Origine du principe anthropique

L’expression « principe anthropique » a été proposée pour la première fois en 1973 par le physicien australien Brandon Carter. Il l’a proposée à l’occasion du 500e anniversaire de la naissance de Nicolaus Copernicus, en contraste avec le principe copernicien qui est considéré comme ayant rétrogradé l’humanité de toute sorte de position privilégiée au sein de l’univers.

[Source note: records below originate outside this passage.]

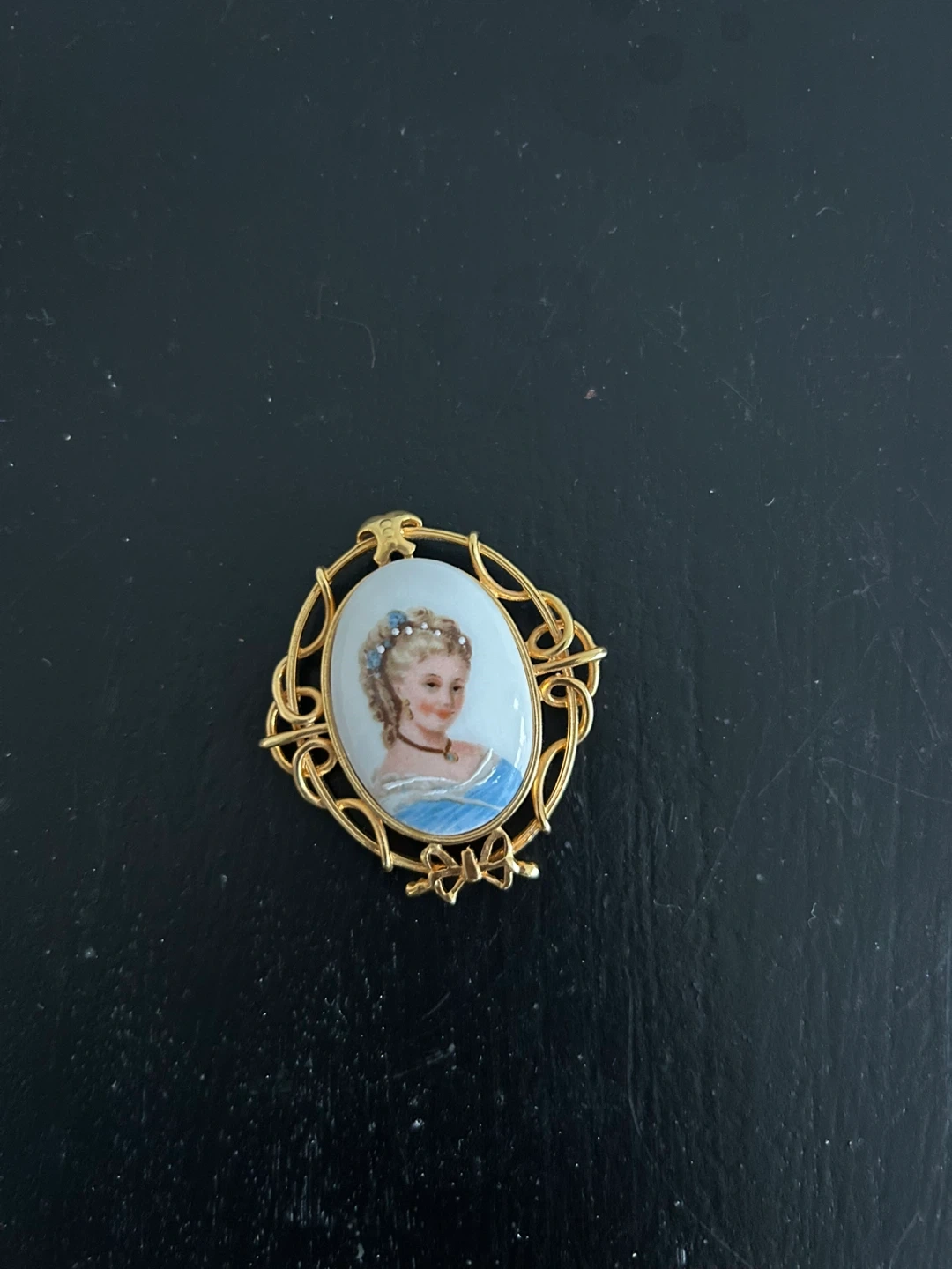 Selling a lovely Limoges France cameo brooch. It features a portrait of a woman in a blue dress and has a gold-tone frame. The back is marked "Made in Limoges France". It's in like new condition and ready to wear!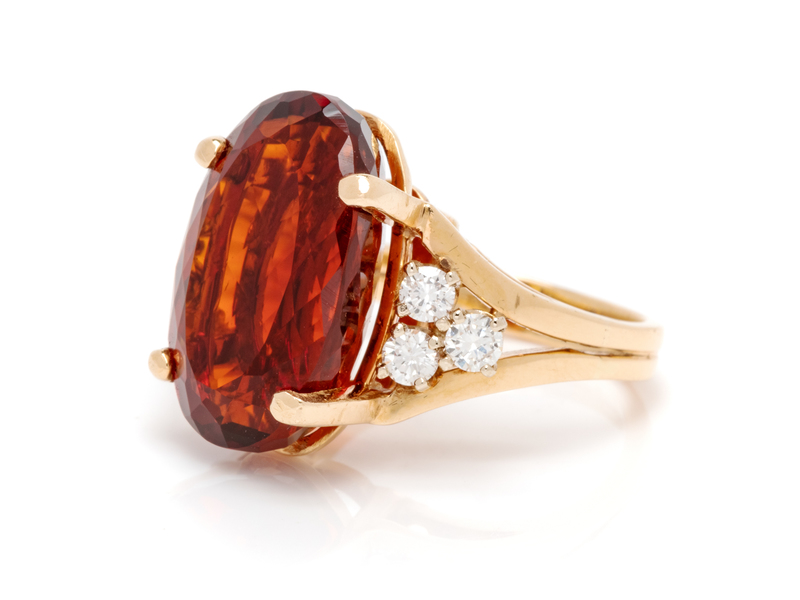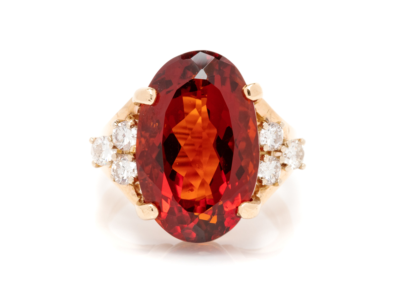 containing one oval mixed cut reddish orange quartz measuring approximately 18.00 x 11.50 x 8.85 mm and six diamonds weighing approximately 0.50 carat total.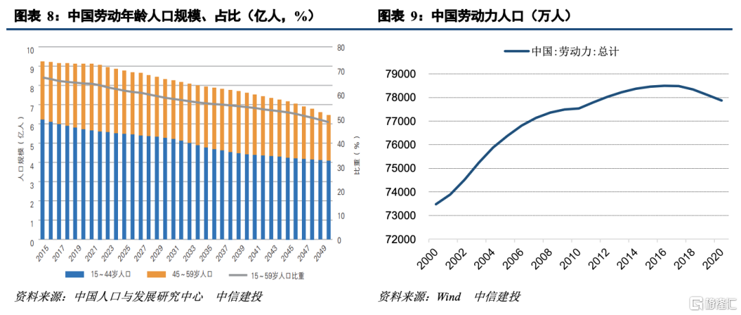 “十三五”时期我国15~59岁劳动年龄人口规模平缓下降,平均每年减少280万人,从“十四五”起降幅将开始提速。根据中国人口与发展研究中心预测,我国劳动年龄人口规模将从2020年的9.11亿降至2025年的8.76亿,年均减少697万,远超“十三五”时期,至2035年将降到7.94亿,2050年降到6.44亿。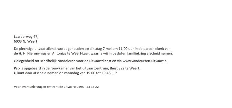 Gecondoleerd allemaal voor het overlijden van jullie lieve pap-schoonvader-opa Harry! Heel veel sterkte samen gewenst voor de komende periode!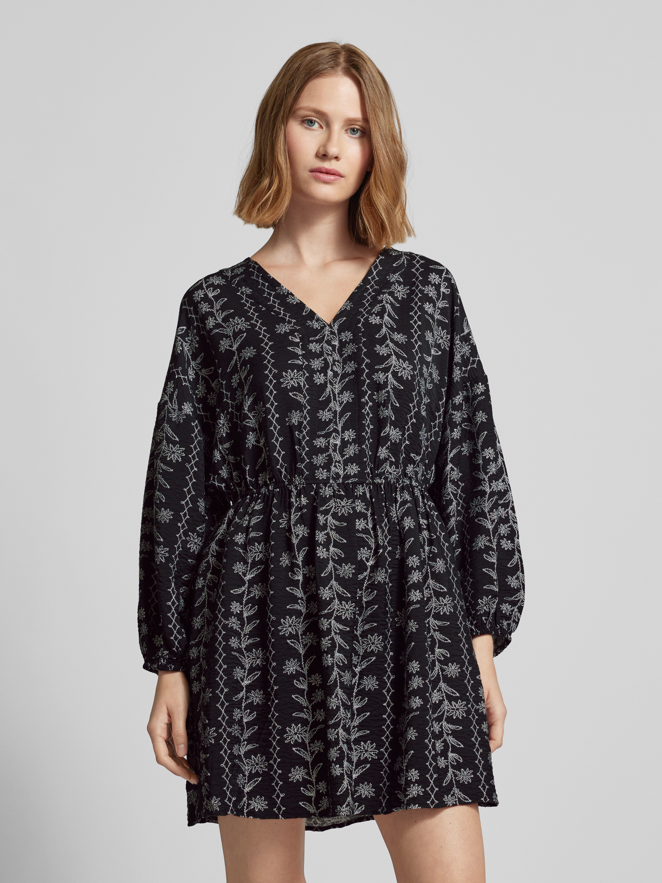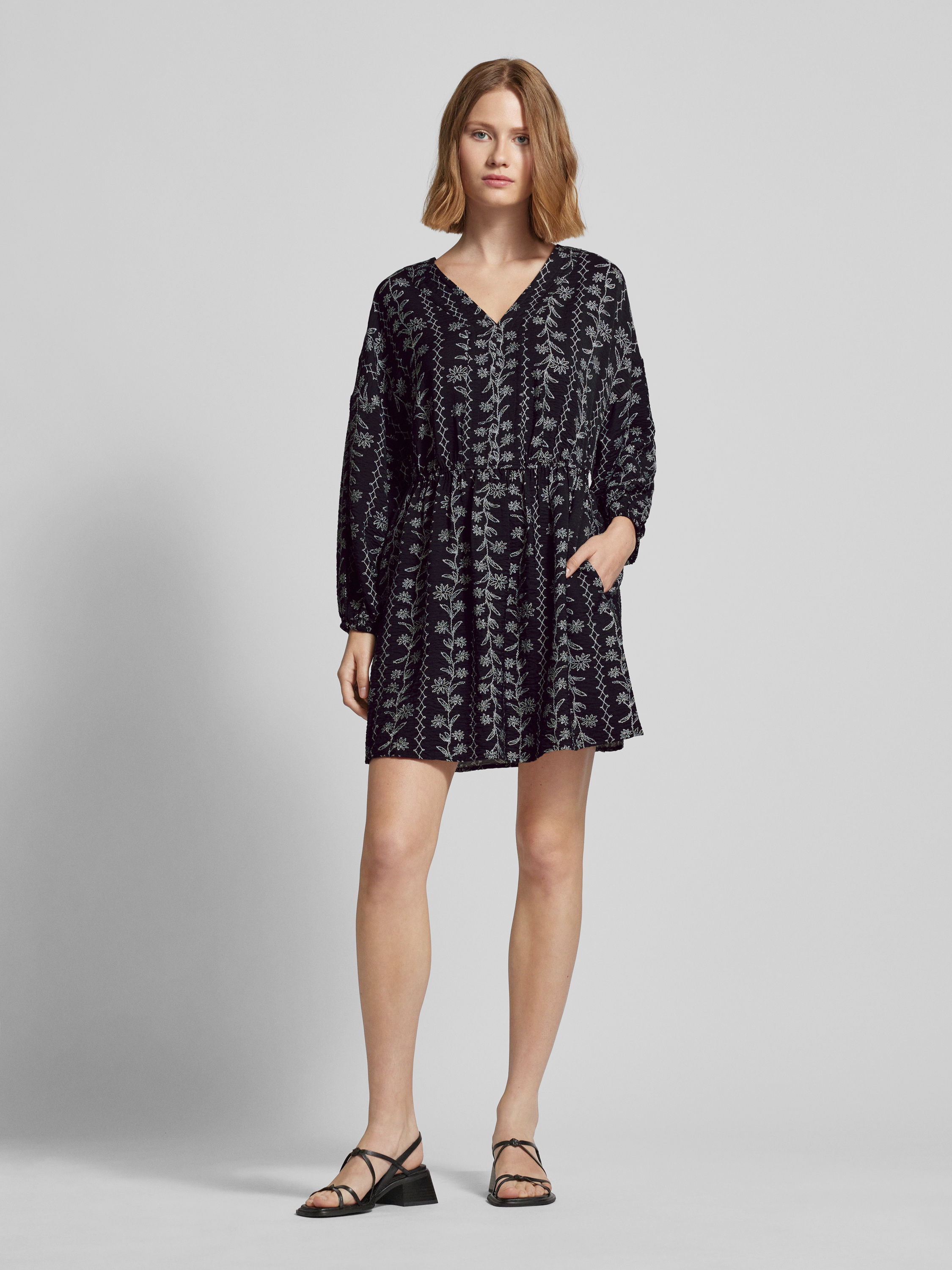 Das Minikleid mit gelegten Falten von Jake*s Studio Woman fällt durch den taillierten Schnitt angenehm ins Auge, während der V-Ausschnitt dezent die Silhouette betont. Der Viskose-Mix sorgt für ein weiches Tragegefühl. Mit langen Ärmeln eignet sich das Modell für unterschiedlichste Anlässe.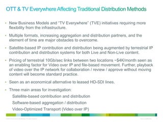 The document discusses trends in managed content distribution moving from satellite-based to IP terrestrial distribution. Key points include adopting file-based workflows and IP distribution as satellite contribution is augmented by terrestrial IP. This allows for more cost-effective playback and collaboration without moving content. It also addresses the increasing requirements for handling multiple formats, partners, and time-based aggregation and distribution of live and on-demand video content.

Ce n’est pas que Carter pensait que les humains avaient une position centrale dans l’univers. Le principe copernicien était encore fondamentalement intact. (Ainsi, le terme « anthropique », qui signifie « relatif à l’humanité ou à la période de l’existence de l’homme », est quelque peu malheureux, comme l’indique l’une des citations ci-dessous). Au lieu de cela, ce que Carter avait à l’esprit était simplement que le fait de la vie humaine est un élément de preuve qui ne peut, en soi, être complètement écarté. Comme il l’a dit, « Bien que notre situation ne soit pas nécessairement centrale, elle est inévitablement privilégiée dans une certaine mesure ». En faisant cela, Carter a vraiment remis en question une conséquence non fondée du principe copernicien.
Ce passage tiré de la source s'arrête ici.